Task: Your output should be everything below from the line containing "Üniversitemiz Rektörü Prof." down to the line containing "チャン・ミー・リン氏/ギタリスト 高谷 秀司氏/牧アイティ研究...", both ends included, copied exactly, with pictures left out.

===== Extracted records =====

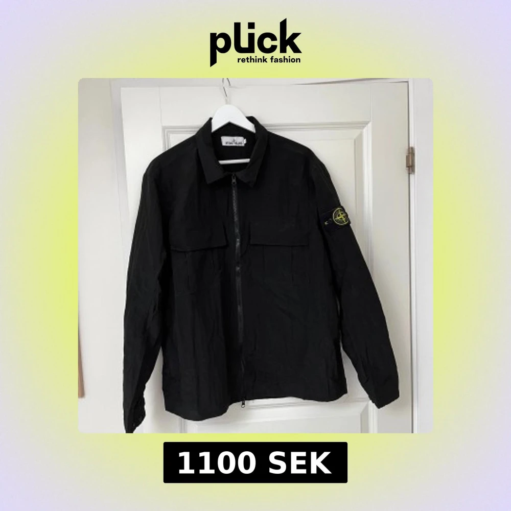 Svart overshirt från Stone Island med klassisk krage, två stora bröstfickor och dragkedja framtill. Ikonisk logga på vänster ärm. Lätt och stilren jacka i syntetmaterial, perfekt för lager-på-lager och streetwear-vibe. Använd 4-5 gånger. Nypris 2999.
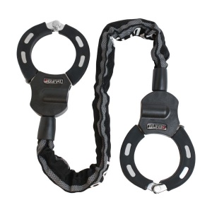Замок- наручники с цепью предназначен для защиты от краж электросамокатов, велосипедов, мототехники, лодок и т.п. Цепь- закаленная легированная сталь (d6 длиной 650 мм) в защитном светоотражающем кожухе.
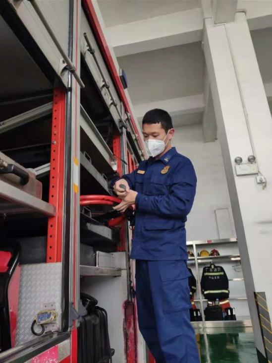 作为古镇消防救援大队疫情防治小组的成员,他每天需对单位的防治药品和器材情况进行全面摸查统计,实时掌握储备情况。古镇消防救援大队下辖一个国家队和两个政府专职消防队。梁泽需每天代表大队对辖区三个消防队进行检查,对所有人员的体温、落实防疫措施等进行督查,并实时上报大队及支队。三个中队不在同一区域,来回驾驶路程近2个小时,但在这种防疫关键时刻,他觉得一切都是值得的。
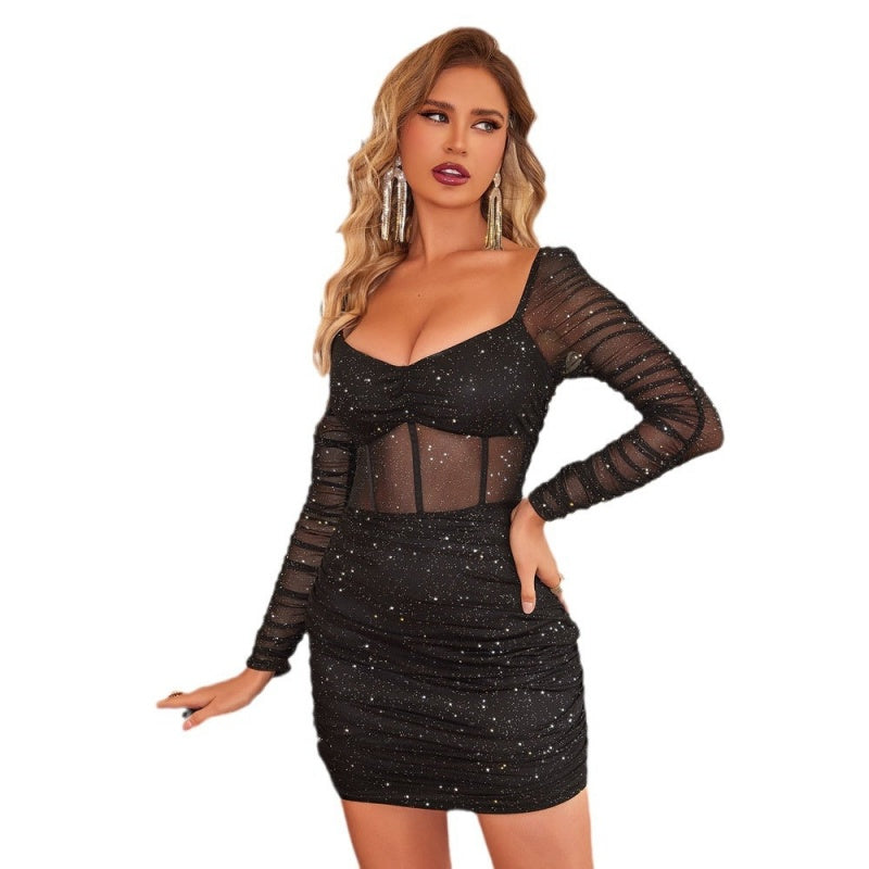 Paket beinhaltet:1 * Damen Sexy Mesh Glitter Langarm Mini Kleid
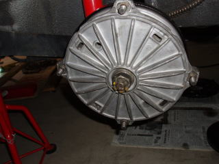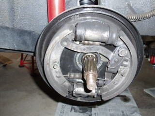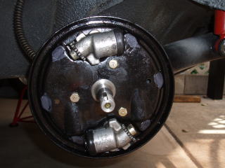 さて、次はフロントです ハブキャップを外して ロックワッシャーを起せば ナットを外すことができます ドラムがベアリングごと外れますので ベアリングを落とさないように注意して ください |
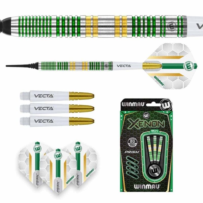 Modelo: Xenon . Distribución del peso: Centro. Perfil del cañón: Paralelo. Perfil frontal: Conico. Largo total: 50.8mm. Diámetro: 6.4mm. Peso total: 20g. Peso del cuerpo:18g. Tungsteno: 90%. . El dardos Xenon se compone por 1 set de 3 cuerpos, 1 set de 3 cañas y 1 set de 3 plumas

=====
===== Extracted records =====

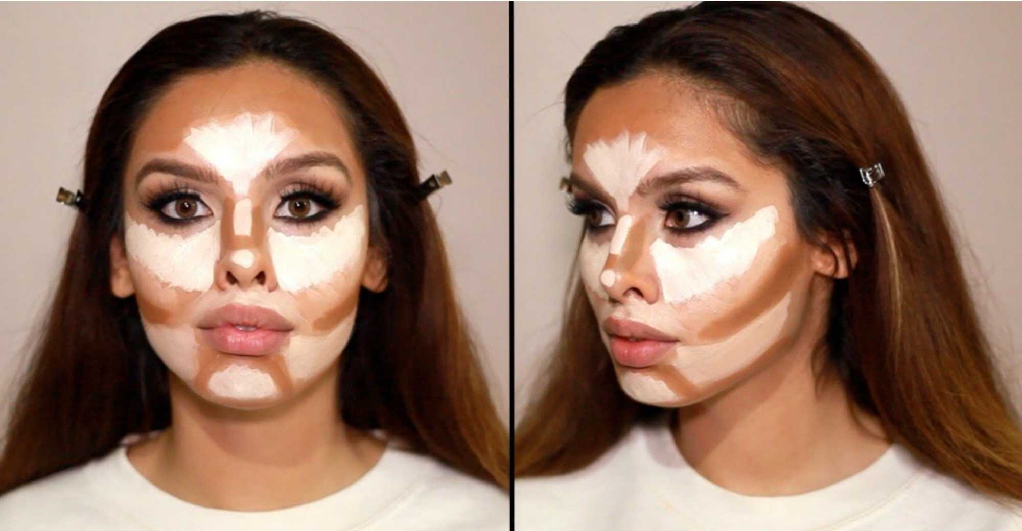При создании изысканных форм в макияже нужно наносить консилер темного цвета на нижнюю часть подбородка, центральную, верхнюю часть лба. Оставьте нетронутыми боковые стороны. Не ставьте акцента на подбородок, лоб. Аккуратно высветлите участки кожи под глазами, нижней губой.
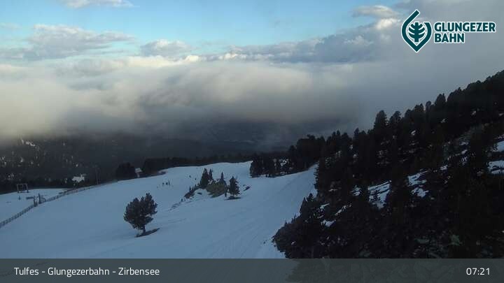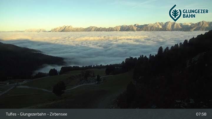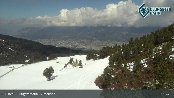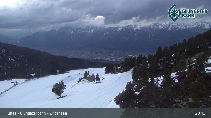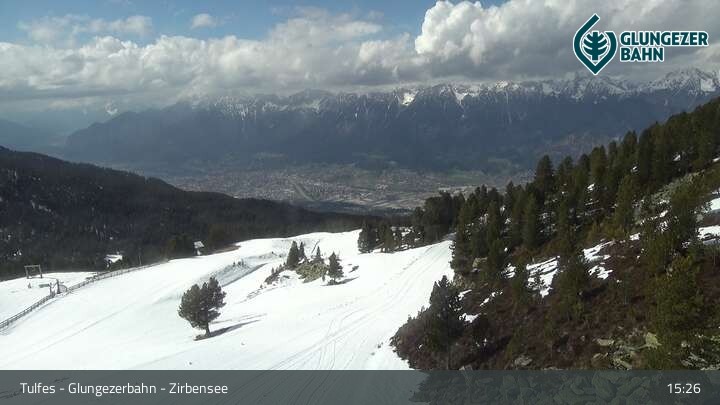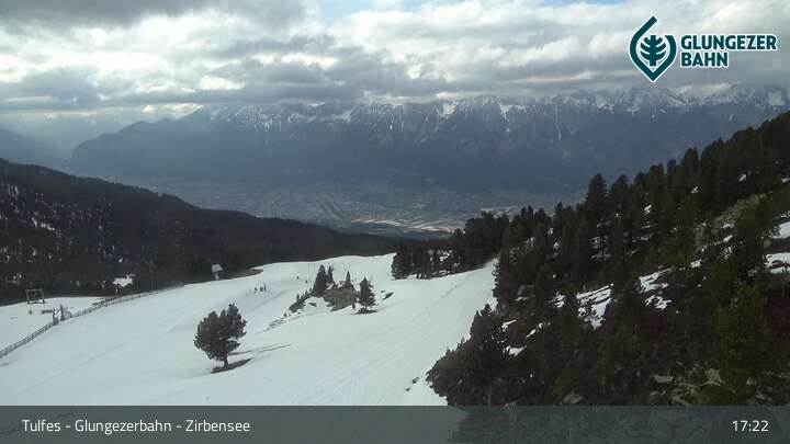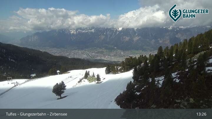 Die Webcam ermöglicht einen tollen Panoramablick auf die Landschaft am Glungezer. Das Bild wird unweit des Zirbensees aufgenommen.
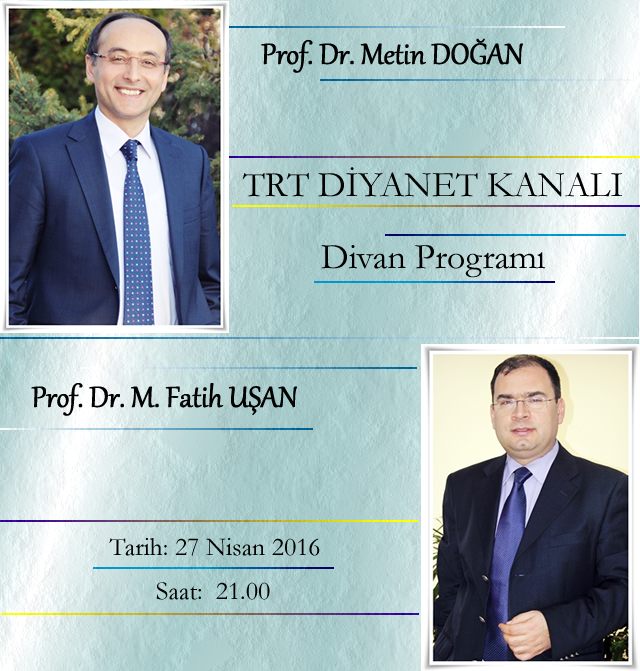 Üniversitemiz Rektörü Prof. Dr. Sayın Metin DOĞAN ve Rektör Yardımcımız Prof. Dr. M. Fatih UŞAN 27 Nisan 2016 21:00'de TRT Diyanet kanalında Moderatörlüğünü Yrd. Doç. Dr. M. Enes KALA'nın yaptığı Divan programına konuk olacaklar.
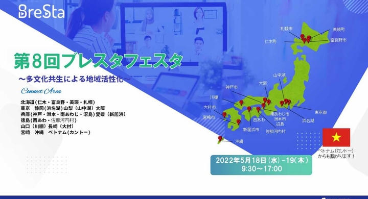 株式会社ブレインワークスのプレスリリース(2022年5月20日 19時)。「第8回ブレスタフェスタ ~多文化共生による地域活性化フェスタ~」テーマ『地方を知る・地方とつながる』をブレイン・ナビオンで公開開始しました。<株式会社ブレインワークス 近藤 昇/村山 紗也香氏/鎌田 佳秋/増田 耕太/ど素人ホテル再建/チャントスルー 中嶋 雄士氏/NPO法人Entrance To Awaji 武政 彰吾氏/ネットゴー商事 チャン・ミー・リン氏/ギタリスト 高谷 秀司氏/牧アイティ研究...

=====

Solution to this exercise:
 Üniversitemiz Rektörü Prof. Dr. Sayın Metin DOĞAN ve Rektör Yardımcımız Prof. Dr. M. Fatih UŞAN 27 Nisan 2016 21:00'de TRT Diyanet kanalında Moderatörlüğünü Yrd. Doç. Dr. M. Enes KALA'nın yaptığı Divan programına konuk olacaklar.
 株式会社ブレインワークスのプレスリリース(2022年5月20日 19時)。「第8回ブレスタフェスタ ~多文化共生による地域活性化フェスタ~」テーマ『地方を知る・地方とつながる』をブレイン・ナビオンで公開開始しました。<株式会社ブレインワークス 近藤 昇/村山 紗也香氏/鎌田 佳秋/増田 耕太/ど素人ホテル再建/チャントスルー 中嶋 雄士氏/NPO法人Entrance To Awaji 武政 彰吾氏/ネットゴー商事 チャン・ミー・リン氏/ギタリスト 高谷 秀司氏/牧アイティ研究...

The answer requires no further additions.